These days technologies are increasingly being deployed in society to detect facial emotions and expressions. However, researchers have now pointed to some algorithms’ designed to read emotions are failed miserably at spotting liars.
A group of researchers from the University of Southern California (USC) put the AI’s ability to detect the lie to test and the team found that the algorithms failed basic tests as truth detectors. The team completed a pair of studies using science that undermines popular psychology and AI expression understanding techniques. Both of this technique assumes that facial expressions reveal what people are thinking.
“Both people and so-called ’emotion reading’ algorithms rely on folk wisdom that our emotions are written on our face,” said Jonathan Gratch, a professor of computer science at the USC.
The team has presented their findings at an International Conference on Affective Computing and Intelligent Interaction in Cambridge, England.
We all know that people can lie without showing obvious signs of it on their face, for instance, your average politician cheerfully utters false statements. The concept of a ‘poker face’ that masks one’s feelings of emotions is not new, but algorithms are not a god at catching duplicates. Yet, such types of machines are increasingly deployed to read human emotions and inform life-changing decisions.

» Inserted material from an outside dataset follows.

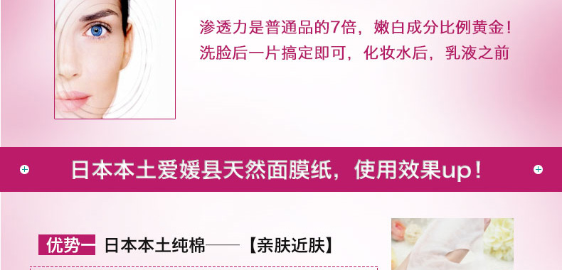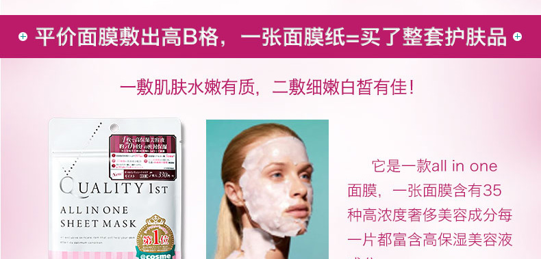 一包/兩包—— 1、35種美容精華,1片面膜=化妝水+乳液+美容液。 2、含有玻尿酸、熊果素、大豆精華等7大主要珍稀成分。 3、保濕嫩白、細致易吸收。 |

For their study, the team designed a game where 700 people’s faces were tracked when playing for money. Then they asked the participants (Emotion-reading algorithms) to review their behavior and provide insights into how they were using expressions to gain advantage and if their expressions matched their feelings.
The results show that the smiles were the most common facial expression, regardless of what participants were actually feeling. Besides, the participants were mostly unable or poor at judging facial emotion, suggesting people smile for lots of reasons, not just happiness.
“These discoveries emphasize the limits of technology use to predict feelings and intentions,” Gratch said. Researchers argued that commonly used emotion-reading algorithms usually exchange what they are looking at.